Les parties furent convoquées pour l’audience publique du 23 novembre 2020, à laquelle le rapporteur désigné fit l’exposé de l’affaire.
Maître Fabienne Gary, pour l’appelant, maintint les moyens et conclusions de la requête d’appel entrée au siège du Conseil supérieur le 31 mars 2020.
Maître Denis Weinquin, pour l’intimée, conclut à la confirmation du jugement du Conseil arbitral du 28 février 2020 et il demanda l’octroi d’une indemnité de procédure à hauteur de 5.674 euros, l’euro symbolique pour procédure vexatoire et abusive et la condamnation de la partie appelante aux frais et dépens.
Maître Fabienne Gary demanda le rejet des demandes concernant l’indemnité de procédure, l’euro symbolique pour procédure vexatoire et abusive et la condamnation de la partie appelante aux frais et dépens.
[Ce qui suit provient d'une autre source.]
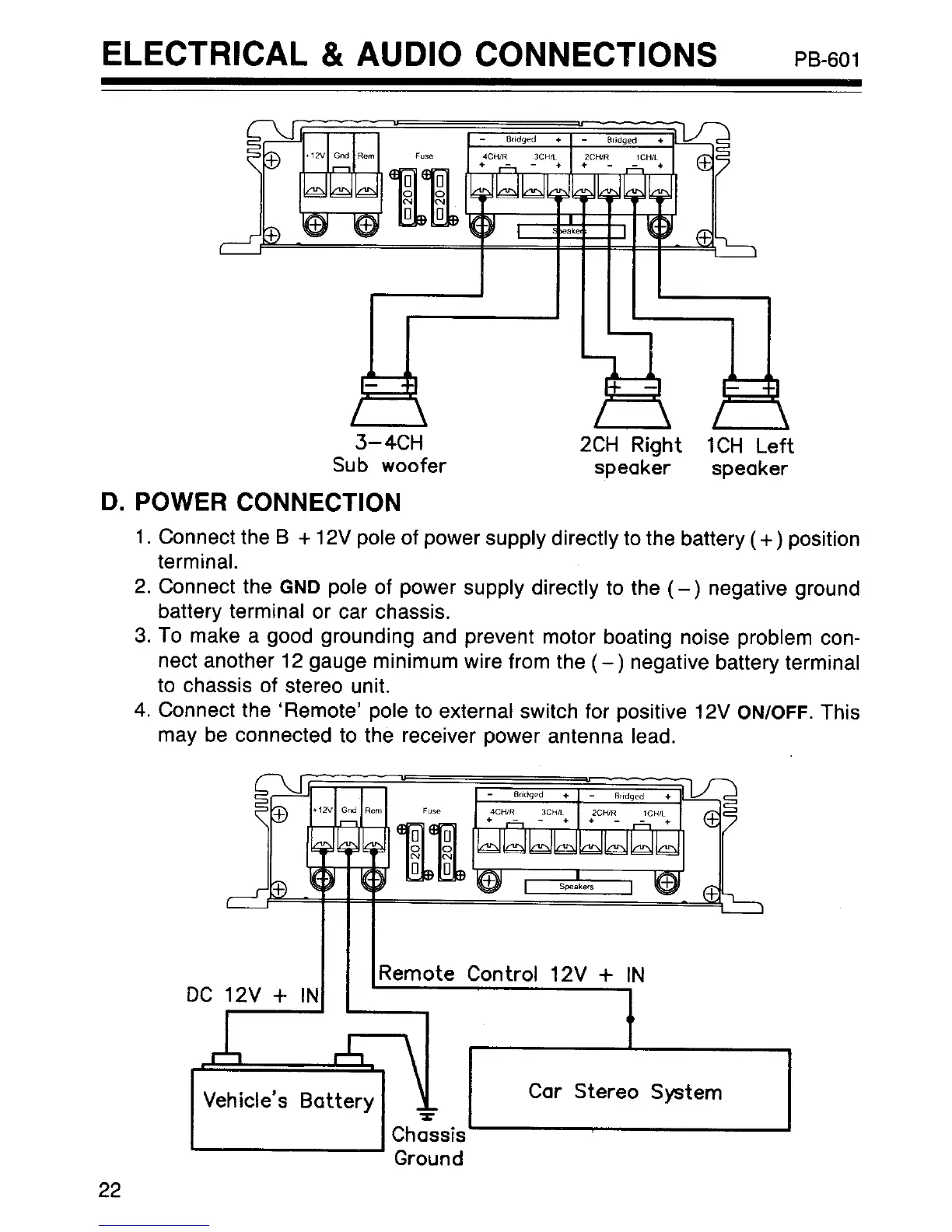 Pyramid PB-101 - Power Connection PB-601; Wiring for Power and Control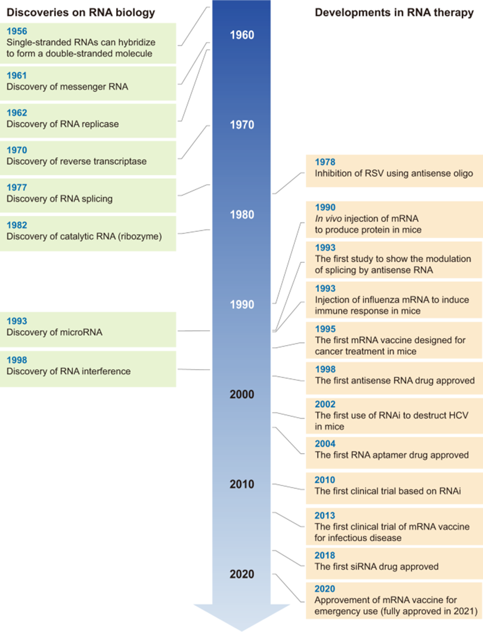 The first use case of RNA as therapeutics was demonstrated in the late 1970s, Zamecnik & Stephenson demonstrated the potential of RNA antisense oligonucleotide (ASO) therapy. The duo showed that the synthesized ASOs were able to inhibit Rous sarcoma virus replication, by inhibiting viral protein translation. This was followed by the use of mRNAs for protein expression, RNAi for translation inhibition, and further developments in other formats. The development timeline for RNA modalities can be seen below.

Après prise en délibéré de l’affaire le Conseil supérieur rendit à l’audience publique de ce jour, à laquelle le prononcé avait été fixé, l’arrêt qui suit:
Le 11 décembre 2018 X s’est inscrite comme demandeur d’emploi à l’Agence pour le développement de l’emploi (ci-après l’ADEM) et elle a introduit une demande en indemnisation en date du 24 janvier 2019, indiquant comme motif de cessation de son activité d’indépendante en sa qualité de gérante du café B la « fin de bail avec la Brasserie du Luxembourg ».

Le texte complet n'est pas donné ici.